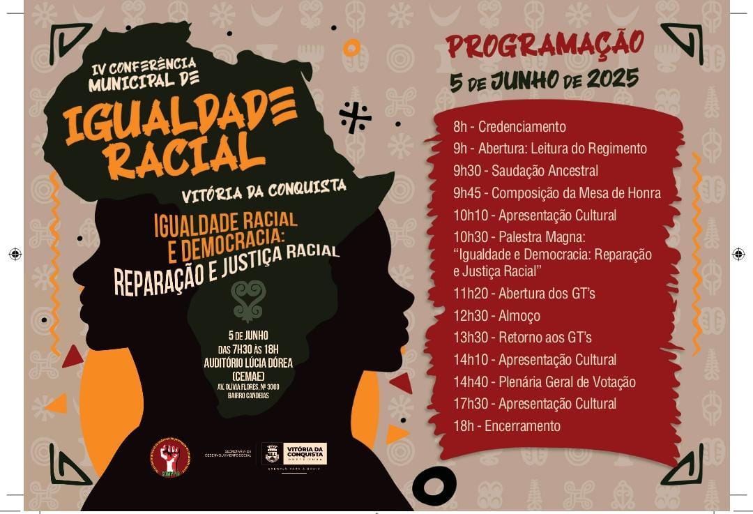 A população de Vitória da Conquista participa da IV Conferência Municipal de Promoção da Igualdade Racial, nesta quinta-feira (5), no auditório Lúcia Dórea (Cemae). Com o tema “Igualdade e Democracia: Reparação e Justiça Racial”, a conferência tem o objetivo de assegurar a participação democrática de toda a população do município, com destaque para a população negra, comunidades quilombolas, povos ciganos, povos indígenas, povos de terreiro e comunidades tradicionais de matriz africana.
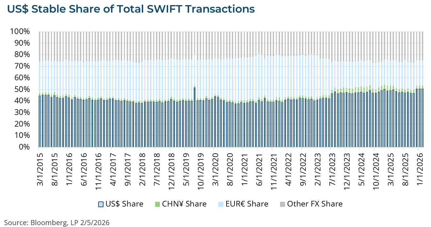 SWIFT data—a global multi-currency transaction network—shows approximately 50% of global transactions are in US dollars and this share has been stable over the past several years.[1] Conversely, China’s payment system—called CIPS and designed to compete with SWIFT—handles less than 3% of global value.[6] Furthermore, 88% of FX trades and 50% of global trade invoices are denominated in US dollars.[7] The dollar share of global reserves is 58%, down from 71% at the peak, but this has been stable for five years.[8] Similarly, the upward movement in gold, industrial metals, and other commodities in recent months directly reflects the fact that most of what is bought and sold in the world is denominated in US dollars—their prices have risen as the US dollar has weakened, keeping the net cost to foreign buyers largely unchanged.
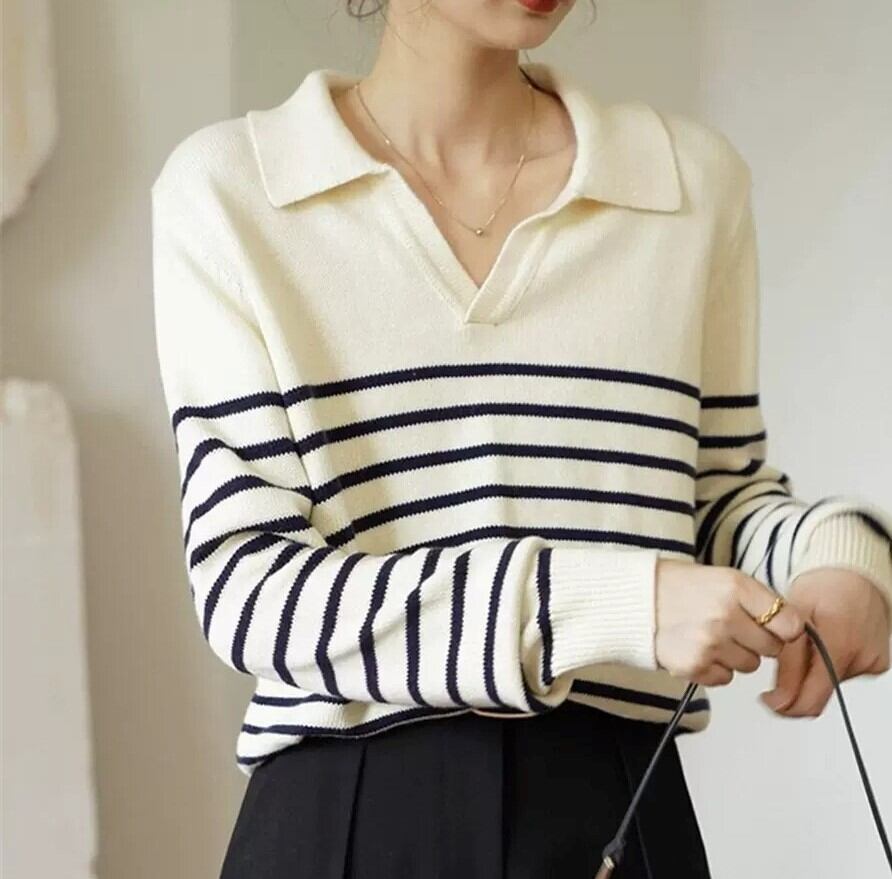 レディース トップス 長袖 Vネック 襟付き 大人可愛い きれいめ シンプル カジュアル 上品 おしゃれ こなれ感 ラフ 抜け感 ナチュラル ボーダー 春 秋 冬 オフィス ビジネス OL 通勤 デート お出かけ お泊まり 公園 コーデ 楽ちん 体型カバー 普段使い 着回し モテ 清楚 S M L XL 白 ホワイト 黒 ブラック オフホワイト
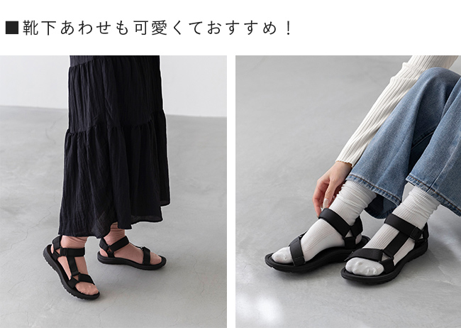 足元にスポーティさを取り入れられる定番の形のスポサン。靴下Xスポサンも可愛く、幅広い季節で活躍してくれます。
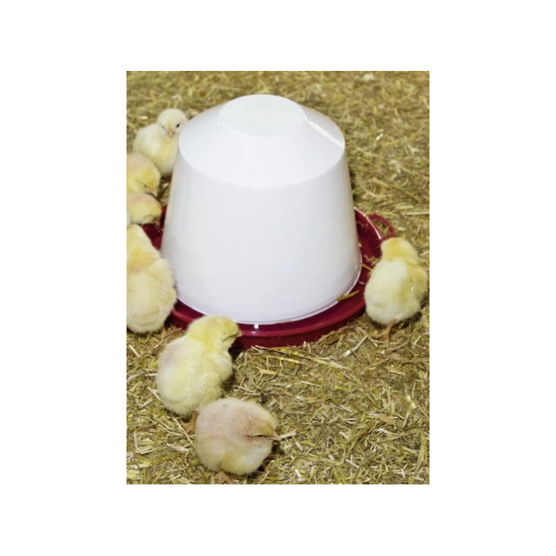 Abbeveratoio sifone realizzato in materiale plastico, formato da due parti distinte: il cono (serbatoio bianco) ed il fondo (piatto rosso). Il caricamento dell'acqua avviene capovolgendo il serbatoio, il quale grazie a dei fori presenti sul bordo evita la fuoriuscita dell'acqua. L'utilizzo è previsto appoggiando l'abbeveratoio a terra. Adatto a pulcini e gallinacei in genere.
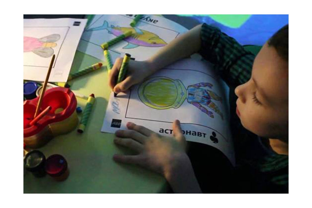 Нужно просто взять в руки фломастеры, краски, либо карандаши, чтобы совместно разукрасить картинку. Готовую картинку обрабатывает специальная программа, которая заранее установлена на оборудовании. В результате на стене появляются ожившие рисунки. Рыбки поплыли, их можно потрогать, с ними реально поиграть. И все это под задорную музыку. Поистине настоящий праздник!

|---|

→ EXERCISE DIRECTIONS:
Could you restate each record word for word, keeping the pictures out?

→ RESPONSE AREA:
 A população de Vitória da Conquista participa da IV Conferência Municipal de Promoção da Igualdade Racial, nesta quinta-feira (5), no auditório Lúcia Dórea (Cemae). Com o tema “Igualdade e Democracia: Reparação e Justiça Racial”, a conferência tem o objetivo de assegurar a participação democrática de toda a população do município, com destaque para a população negra, comunidades quilombolas, povos ciganos, povos indígenas, povos de terreiro e comunidades tradicionais de matriz africana.
 SWIFT data—a global multi-currency transaction network—shows approximately 50% of global transactions are in US dollars and this share has been stable over the past several years.[1] Conversely, China’s payment system—called CIPS and designed to compete with SWIFT—handles less than 3% of global value.[6] Furthermore, 88% of FX trades and 50% of global trade invoices are denominated in US dollars.[7] The dollar share of global reserves is 58%, down from 71% at the peak, but this has been stable for five years.[8] Similarly, the upward movement in gold, industrial metals, and other commodities in recent months directly reflects the fact that most of what is bought and sold in the world is denominated in US dollars—their prices have risen as the US dollar has weakened, keeping the net cost to foreign buyers largely unchanged.
 レディース トップス 長袖 Vネック 襟付き 大人可愛い きれいめ シンプル カジュアル 上品 おしゃれ こなれ感 ラフ 抜け感 ナチュラル ボーダー 春 秋 冬 オフィス ビジネス OL 通勤 デート お出かけ お泊まり 公園 コーデ 楽ちん 体型カバー 普段使い 着回し モテ 清楚 S M L XL 白 ホワイト 黒 ブラック オフホワイト
 足元にスポーティさを取り入れられる定番の形のスポサン。靴下Xスポサンも可愛く、幅広い季節で活躍してくれます。
 Abbeveratoio sifone realizzato in materiale plastico, formato da due parti distinte: il cono (serbatoio bianco) ed il fondo (piatto rosso). Il caricamento dell'acqua avviene capovolgendo il serbatoio, il quale grazie a dei fori presenti sul bordo evita la fuoriuscita dell'acqua. L'utilizzo è previsto appoggiando l'abbeveratoio a terra. Adatto a pulcini e gallinacei in genere.
 Нужно просто взять в руки фломастеры, краски, либо карандаши, чтобы совместно разукрасить картинку. Готовую картинку обрабатывает специальная программа, которая заранее установлена на оборудовании. В результате на стене появляются ожившие рисунки. Рыбки поплыли, их можно потрогать, с ними реально поиграть. И все это под задорную музыку. Поистине настоящий праздник!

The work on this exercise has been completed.